Monovision and “one eye near, one eye far”

Monovision uses lens power targeting to give you functional near in one eye and distance in the other. It avoids multifocal optics, but it asks your brain to combine two different images. Some people adapt easily; others dislike it intensely.

Why some people love it

  • Less reliance on reading glasses for many day‑to‑day tasks.
  • No light‑splitting optics (often less halo risk than multifocals).
  • Can be tuned: full monovision vs mini‑monovision (smaller difference between eyes).

Why some people hate it

  • Feels unbalanced or “wrong,” especially for people sensitive to mismatched focus.
  • May reduce depth perception and crispness when both eyes are open.
  • Can cause eye strain or headaches during adaptation.

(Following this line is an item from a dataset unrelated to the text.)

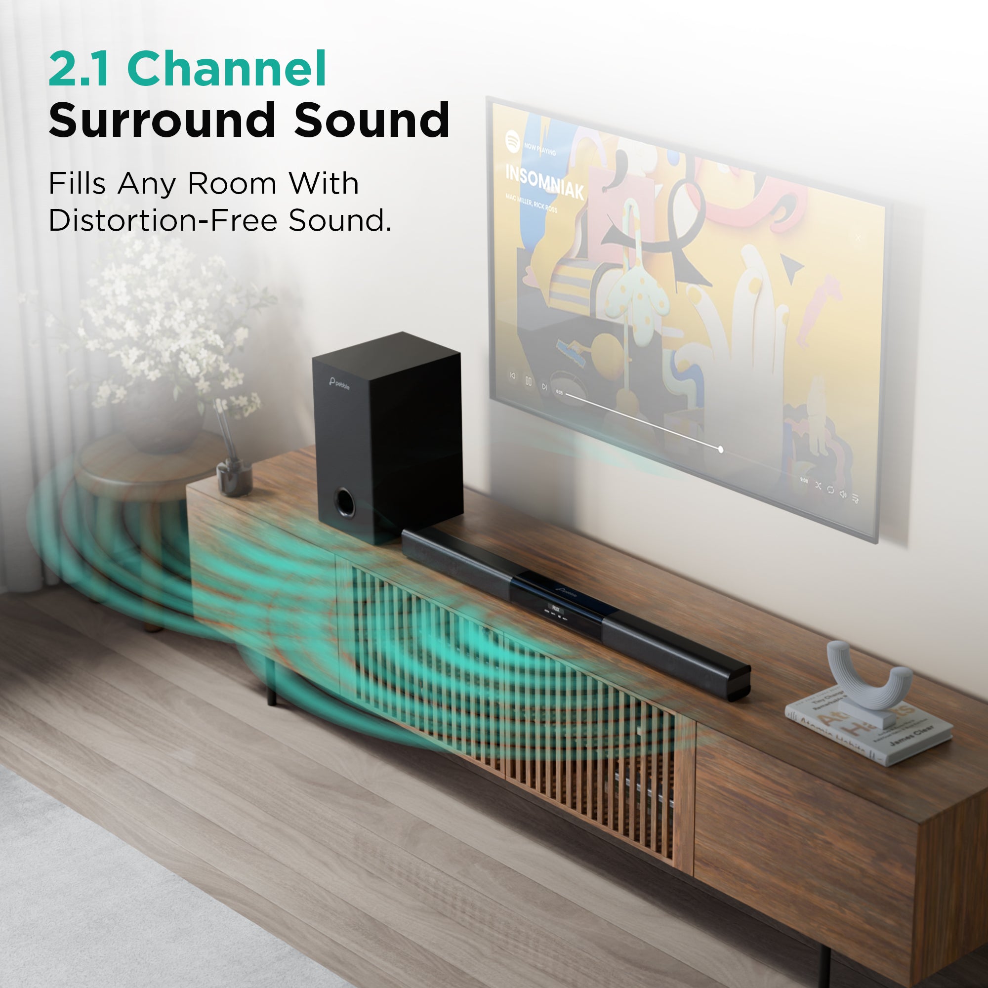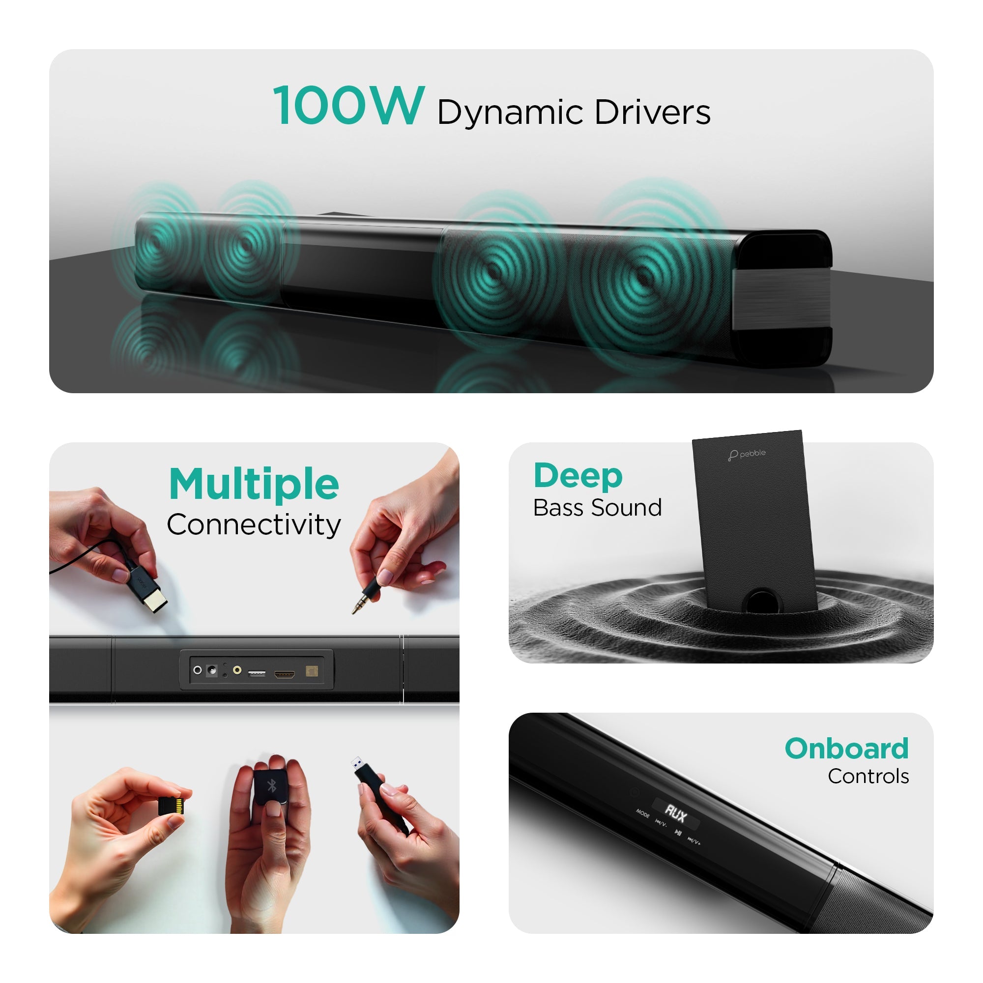 Elevate your home audio with the Pebble Magna 10 Sound Bar Featuring 100W Dynamic Drivers and Deep Bass Sound| this 21 Channel soundbar| complete with a dedicated Subwoofer| delivers powerful and immersive audio that brings your movies| music| and games to life Control your listening experience effortlessly with the Digital Display and included Remote Controller The Digital Audio Power Amplifier and Bass & Treble Equalizer allow for precise sound customization With multiple connectivity options including Aux| HDMI| USB| TF| and Bluetooth| you can easily connect all your devices Experience Realistic Sound and Low Latency for a truly engaging audio performance

How to test monovision before committing

Testing is about replicating binocular conditions (both eyes open) in your normal life—work, walking, driving, and reading.

Option A: Contact lens simulation

  • Best “try‑before‑you‑buy” method if you can wear contacts.
  • You can test different amounts of monovision (e.g., small difference vs larger difference).
  • Do it for several days, including your hardest tasks and low‑light situations.

Option B: Staged targeting between surgeries

  • Sometimes used when surgery is done weeks apart.
  • Limit: the first eye alone is not the same as both eyes together.
  • Works best when you already know you tolerate monovision (past contacts) or you keep the difference small (mini‑monovision).
If you tried a “reading” target and disliked it: that experience is meaningful. Many people who value crisp binocular vision prefer distance monofocals plus reading glasses. Your surgeon can still tailor intermediate needs with a modest target or spectacle plan.

Mini‑monovision: a common compromise

Mini‑monovision uses a smaller difference between eyes. The goal is to keep binocular comfort while improving near function a bit. It may not eliminate reading glasses for fine print, but can reduce how often you need them.

  • Often better tolerated than full monovision.
  • Still needs expectation management: you might trade some sharpness at distance or near.
  • Discuss whether your daily tasks are “near‑heavy” or “distance‑heavy”.

Who should be cautious

  • People with strong night driving needs.
  • Those who need precise depth perception (certain sports/occupations).
  • Anyone with eye conditions that already reduce vision in one eye.
  • People who previously disliked monovision contacts or anisometropia.